FORT LAUDERDALE, Fla. -- Federal prosecutors said Friday they want to meet with once-underage victims of wealthy financier and convicted sex offender Jeffrey Epstein before deciding whether to throw out a decade-old non-prosecution agreement that allowed him to avoid potentially severe penalties.
Prosecutors said in court filings that victim input is essential in deciding how to proceed in the long-running case. The filings came after U.S. District Judge Kenneth Marra ruled in February that prosecutors in the office of then-Miami U.S. Attorney Alex Acosta violated a victims' rights law by not disclosing the Epstein non-prosecution agreement to them.
Acosta, who is now President Donald Trump's labor secretary, has defended the agreement as proper after it was criticized by Democrats and victim advocates. The 2008 deal ended a federal investigation that could have landed Epstein in prison for life, instead allowing him to plead guilty to lesser state charges that resulted in a 13-month jail sentence, required financial settlements to dozens of victims and that he register as a sex offender.
Assistant U.S. Attorneys Jill Steinberg and Nathan Kitchens — both from the Atlanta U.S. attorney's office, which was chosen in March by the Justice Department to take over the case — said in court papers that they need at least 60 days to talk with victims before a decision is made on whether to tear up the Epstein deal.
"The victims' views and concerns are critical to inform the government's recommendation of an appropriate remedy, particularly given the sensitive nature of the crime at issue," the prosecutors wrote.
Attorneys for two victims, identified as Jane Doe 1 and Jane Doe 2, countered that prosecutors should be required to announce a proposed remedy for violating their rights to be informed of the Epstein agreement. They have previously said they want the Epstein deal voided, which could again expose him to federal prosecution.

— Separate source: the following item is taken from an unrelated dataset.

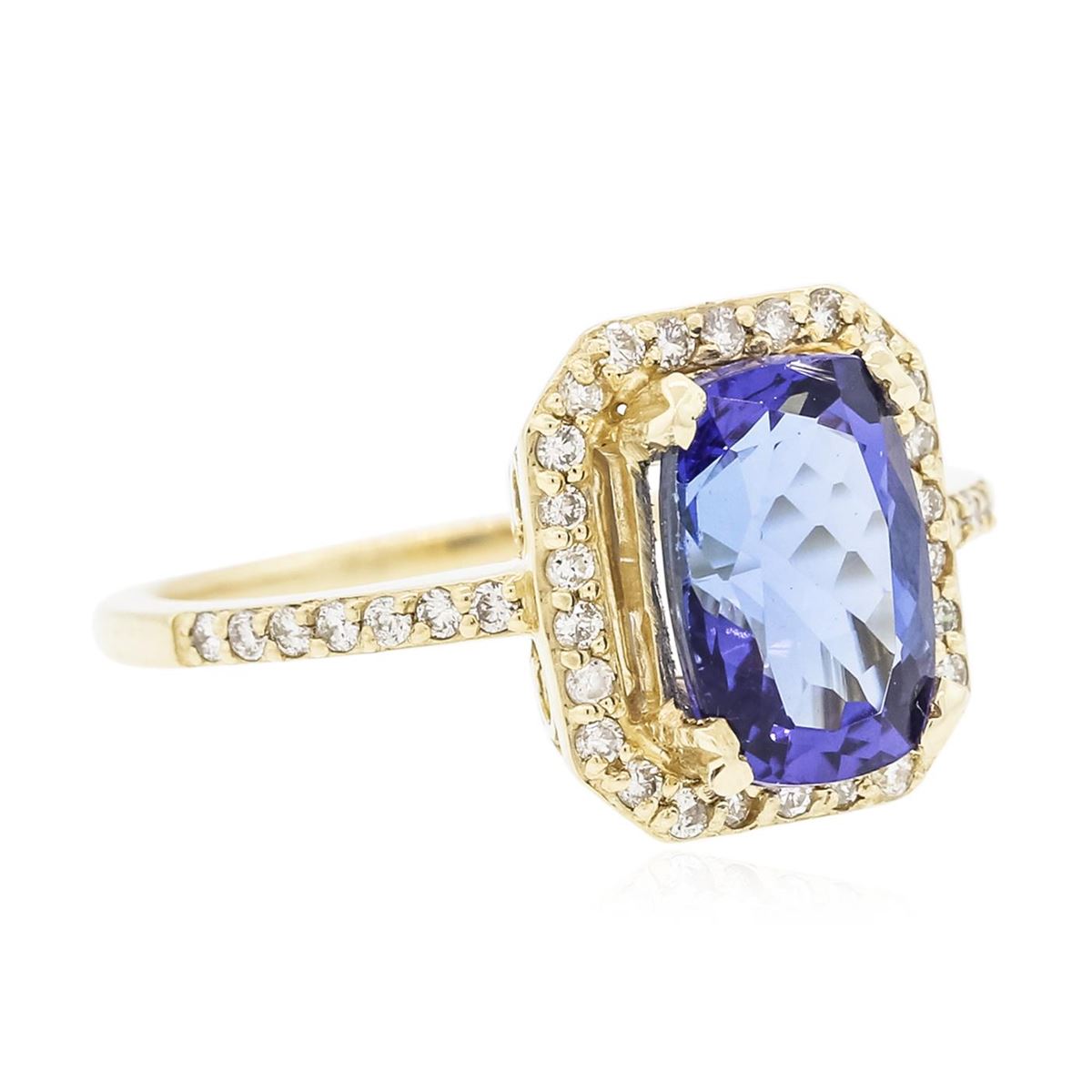One electronically tested 14KT yellow gold Ladies cast ring with a bright polish finish. Condition is new. Identified with markings of "14K". Containing: One prong set rectangular cushion modified brilliant cut natural tanzanite, measuring 9.66 x 6.59 x 4.28mm, approximate weight of 2.14ct., clarity is eye clean, type I, medium, moderately strong, bluish violet color, (GIA bV 5/4), cut is very good. Thirty-Nine prong set round brilliant cut diamonds, measuring 1.10 - 1.10 x 0.66mm (depth est.) approximate. Total Weight of 39 Stones = 0.19ct. Clarity: I-1 to I-2. Color: J - K, Cut is Good. Colored gemstones are presumed to have been subjected to commonly used enhancement processes. All diamonds and colored gemstones are graded in the mounting, unless otherwise stated. Total Weight of Colored Stones 2.14ct. Total Weight of Diamonds 0.19ct. Total Weight of Ring 3.60 grams. GGL Appraised at $4,710.00.

"The government should go first," lawyers Brad Edwards and Jack Scarola wrote in their filing. "After more than 10 years of litigation, the government's suggestion that it should postpone explaining its proposed remedy is a transparent effort to do nothing but cause further delay."

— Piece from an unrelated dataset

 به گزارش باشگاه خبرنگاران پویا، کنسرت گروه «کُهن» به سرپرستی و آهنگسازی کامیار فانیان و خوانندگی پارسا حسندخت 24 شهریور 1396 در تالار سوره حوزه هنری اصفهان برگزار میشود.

Both sides proposed lengthy schedules for future court filings and action. It will be up to Judge Marra to decide what happens next, but it could take months to resolve.
Epstein, 66, is a wealthy hedge fund manager who once counted as friends former President Bill Clinton, Great Britain's Prince Andrew and Donald Trump, his former Palm Beach, Florida, neighbor.

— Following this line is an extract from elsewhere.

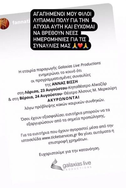 «Η εταιρεία παραγωγής Galaxias Live Production ενημερώνει το κοινό ότι οι προγραμματισμένες συναυλίες της Άννας Βίσση στη Λάρισα 23 Αυγούστου – Κηποθέατρο Αλκαζάρ και στη Βέροια 24 Αυγούστου, Θέατρο Άλσους Μ.Μερκούρη ακυρώνονται λόγω πρόβλεψης κακών καιρικών συνθηκών», αναφέρει η σχετική ανακοίνωση.

Court documents show Epstein had a Palm Beach mansion where at least 40 underage girls were brought for what turned into sexual encounters. Authorities say he had female fixers who would look for suitable girls, some local and others recruited from Eastern Europe and other parts of the world.
Epstein also has a home in New York City, a ranch in New Mexico and a private Caribbean island. Some of the girls were brought to those places as well, court documents show.